Extracted records
▬▬▬▬▬▬
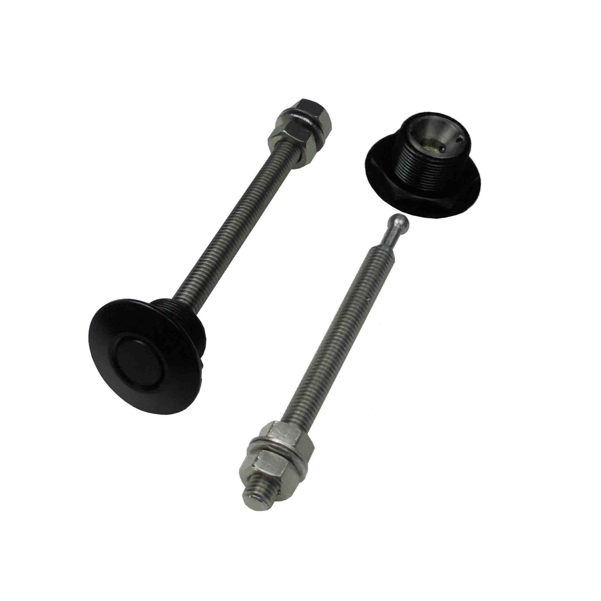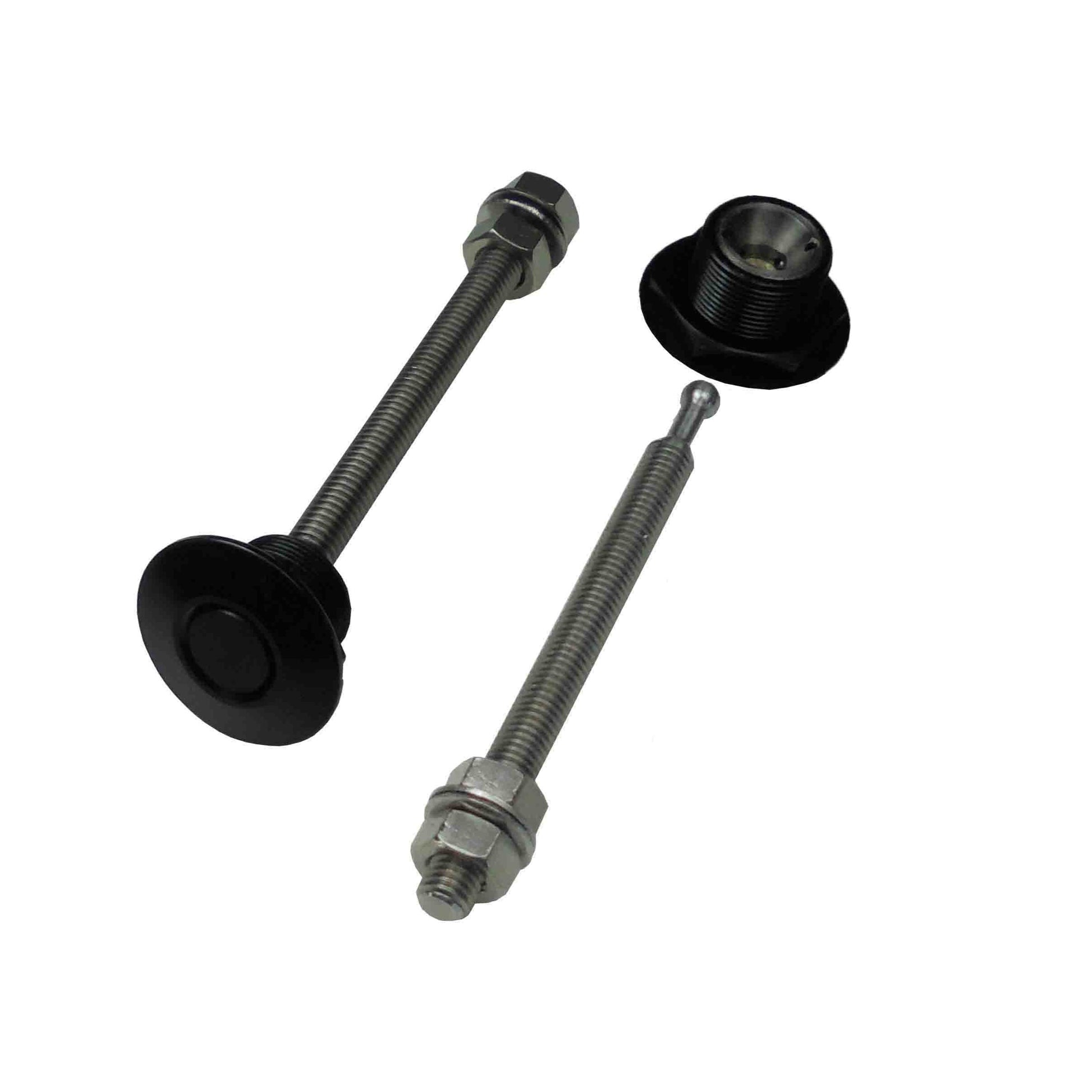 The receptacle mounts to the bonnet and aligns the pins attached to the clam panel. By closing the bonnet the receptacle automatically latches to the pins and can only be released by pressing the release button
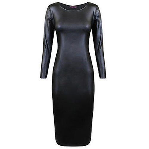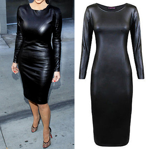 with long sleeve,round neck and a fit silhouette,this PU leather dress is a perfect way to show off your
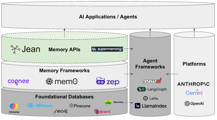 At the most basic level, you can build memory from the ground up using the building blocks of existing vector and graph databases. These databases may be adding agentic features, but it is already clear that this category is seeing massive commodification.
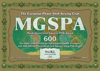 Die Maidenhead Grid Square PSK Diplomserie (MGSPA) wurde vom Europäischen PSK Club am 11. April 2007 herausgeben. Die MGSPA Diplome wurden geschaffen um Kontakte mit möglichst vielen Maidenhead Lokator Großfeldern weltweit zu fördern. Das MGSPA-100, MGSPA-200, MGSPA-300, MGSPA-400, MGSPA-500, MGSPA-600, MGSPA-700, MGSPA-800, MGSPA-900 und das MGSPA-1000 Diplom kann von jedem lizenzierten Funkamateur, jeder Klubstation und jedem SWL nach diesen Regeln beantragt werden, wenn nachgewiesen werden kann, dass Verbindungen mit entsprechend vielen verschiedenen Maidenhead Lokator Großfeldern in PSK Modi gearbeitet bzw. gehört wurden.
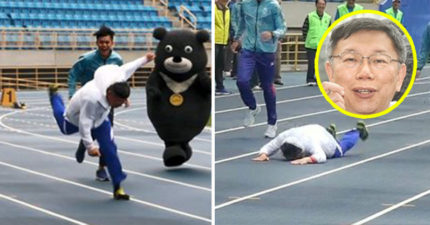 柯市長測試新跑道突然「飛撲在地」,自己神回:「跑道品質好,有彈性!」
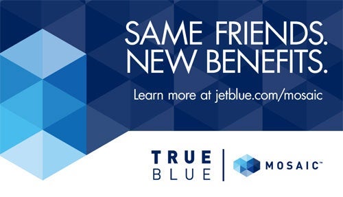 Mosaic members will get perks including three bonus TrueBlue points per dollar spent for a total of nine points per dollar when booking on jetblue.com (3 base, 3 for online booking and 3 bonus), a free second checked bag for everyone flying on the member's reservation, Even More Speed and early boarding access, the ability to redeem TrueBlue points for Even More Space seats, and six free Even More Space seat upgrades.
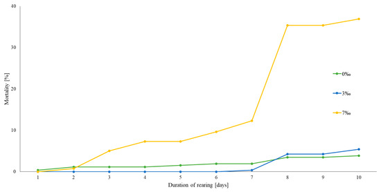 Mortality is a common problem in fish fry farms due to diseases mainly caused by pathogens [49]. Salt used in farming freshwater fish which tolerate some salinity is quite effective, cheaper, and much healthier (for fish and consumers). Sometimes, in aquaculture, fish are bathed prophylactically in brine to avoid pathogen development [50]. Our results showed that salinity had a statistically significant effect on cumulative mortality in fish. The greatest mortality was observed in the 7‰ salinity tank, increasing drastically on day 8 of the experiment to about 37% (Figure 1). Here, the length of the fish was the greatest. It seems that larger pike fry cannot acclimate to these long-term osmotic conditions. This is in good agreement with other studies on pike, where the mortality of larger fish was greater than that of smaller fish [18]. The cumulative mortality of fish from tanks with a 3‰ salinity was surprisingly similar to that of the control group. What is more, the BCI was greater than in the control group. These findings suggest that this level of salinity is well-tolerated by pike, which is consistent with reports of this species in coastal areas all around the Baltic Sea, where salinities vary from 4‰ to 7‰ [18]. The fact that around 97% of fish survived this salinity treatment and had a condition factor similar to that of the controls indicates that the fish in 3‰ salinity did not experience a loss of water due to salinity stress. A loss of water is believed to be one of the reasons why fish have died in salinity treatments [18].
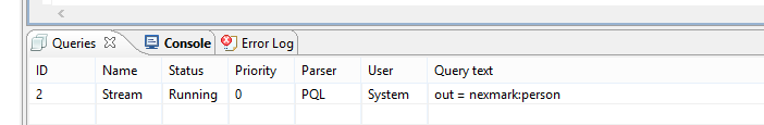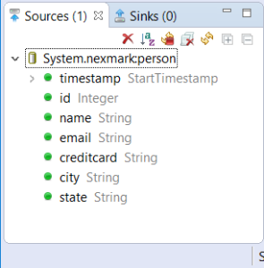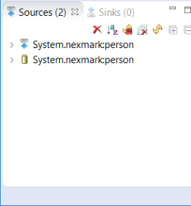The other sources are created the same way. To go further, add the following to the NexmarkSource editor (after the definition of the person source) and execute the script.
▬▬▬▬▬▬
_ABOUT THIS EXERCISE_.
In the records above, find the line with "At the most" and the line with "柯市長測試新跑道突然「飛撲在地」,自己神回:「跑道品質好,有彈性!」", then restate word for word only those two lines and all lines between, omitting pictures.

_PROBLEM SOLUTION_.
 At the most basic level, you can build memory from the ground up using the building blocks of existing vector and graph databases. These databases may be adding agentic features, but it is already clear that this category is seeing massive commodification.
 Die Maidenhead Grid Square PSK Diplomserie (MGSPA) wurde vom Europäischen PSK Club am 11. April 2007 herausgeben. Die MGSPA Diplome wurden geschaffen um Kontakte mit möglichst vielen Maidenhead Lokator Großfeldern weltweit zu fördern. Das MGSPA-100, MGSPA-200, MGSPA-300, MGSPA-400, MGSPA-500, MGSPA-600, MGSPA-700, MGSPA-800, MGSPA-900 und das MGSPA-1000 Diplom kann von jedem lizenzierten Funkamateur, jeder Klubstation und jedem SWL nach diesen Regeln beantragt werden, wenn nachgewiesen werden kann, dass Verbindungen mit entsprechend vielen verschiedenen Maidenhead Lokator Großfeldern in PSK Modi gearbeitet bzw. gehört wurden.
 柯市長測試新跑道突然「飛撲在地」,自己神回:「跑道品質好,有彈性!」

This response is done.